Если говорить о больших композициях, то выносить на авансцену можно только те, которые допускают восприятие их по частям — по движениям или репликам. Композиция же, которая должна читаться вся сразу, выглядит на просцениуме громоздкой.
Достижение большей компактности композиции, более определенное вписывание фигур в декорацию достигается эффектом удаления.
4.
Займем мысленно место на литературном вечере ряду в пятом партера.
Занавес открыт. Сцена пуста. Где бы нам хотелось, чтобы расположился чтец?
Разумеется, в центре. Как можно ближе. Но не настолько, чтобы пришлось задирать голову.
Режиссер вместе с актером должен ощущать эту идеальную точку в зависимости от высоты сцены и угла зрения от глаз зрителя первых рядов до лица артиста.

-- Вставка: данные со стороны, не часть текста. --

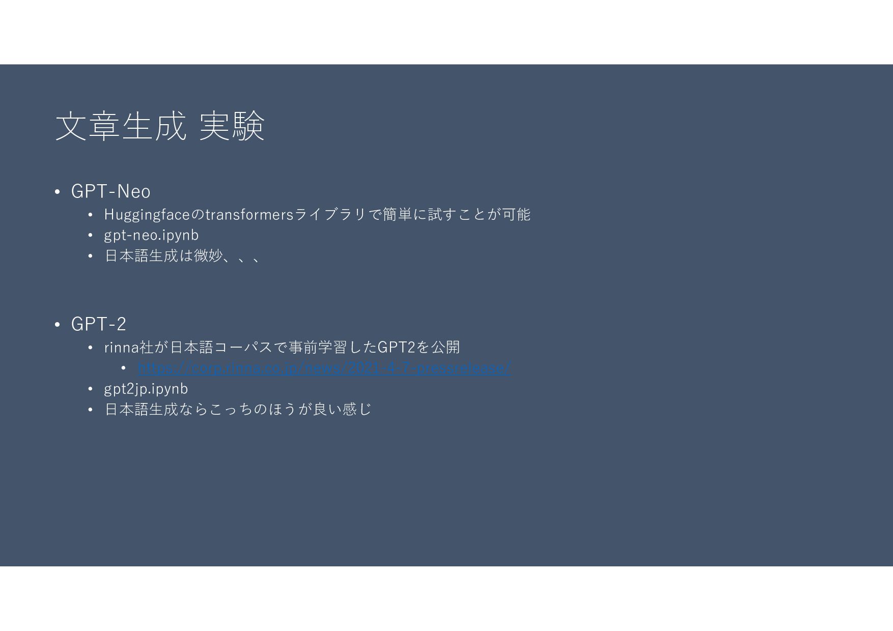 文章生成 実験 • GPT-Neo • Huggingfaceのtransformersライブラリで簡単に試すことが可能 • gpt-neo.ipynb • 日本語生成は微妙、、、

Сценические планы определяются обычно по кулисам. Первый план соответствует первой паре кулис. Иногда, говоря о первом плане, подразумевают и просцениум тоже. Мы же будем здесь иметь в виду именно первый план, т. е. пространство от красной линии до первой пары кулис. Красной линией называется черта непосредственно за порталом. Это линия, по которой проходит антрактный занавес, а на больших сценах еще и пожарный — железный занавес.
Многое сказанное о просцениуме относится и к первому плану. Первый план не менее употребим в сценической практике. Иногда ему даже оказывают предпочтение, чтобы постоянно не оглушать зрителя крайним приближением мизансцен и располагать возможностью их укрупнения. Он допускает большую свободу движения и больший объем композиции. Если в спектакле работает основной (актрактный) занавес или интермедийный (супер) и по пожарным условиям декорация не может заходить за красную линию, чтобы не слишком «вырывать» актера из декорации, приходится еще более ограничивать пользование просцениумом. В этом случае первый план становится основной плоскостью движения персонажей. Остается рассмотреть функции второго и третьего плана. Мизансцена второго плана дает нам возможность воспринимать человеческую фигуру целиком. Поэтому на втором плане особенно хороши выходы (или, как говорят в театре, выхода). Когда выходит персонаж, нам бросается в глаза лишь самое главное, как бы создается мгновенный эскиз. И вместе с тем не уничтожается тайна внешнего образа действующего лица.
По тем же причинам не рекомендуется строить слишком часто выходы действующих лиц на ближайшем плане. Вместо предварительного наброска взгляд зрителя невольно сразу приступает к анализу, начиная порой с самых случайных деталей: грима, прически, отделки на платье.
Второй план можно еще назвать семейным планом — именно здесь легче всего создается атмосфера жизни одновременно целой группы людей, тогда как первый план и просцениум останавливают наше внимание на персонажах поочередно. На втором плане хорошо смотрятся танцы.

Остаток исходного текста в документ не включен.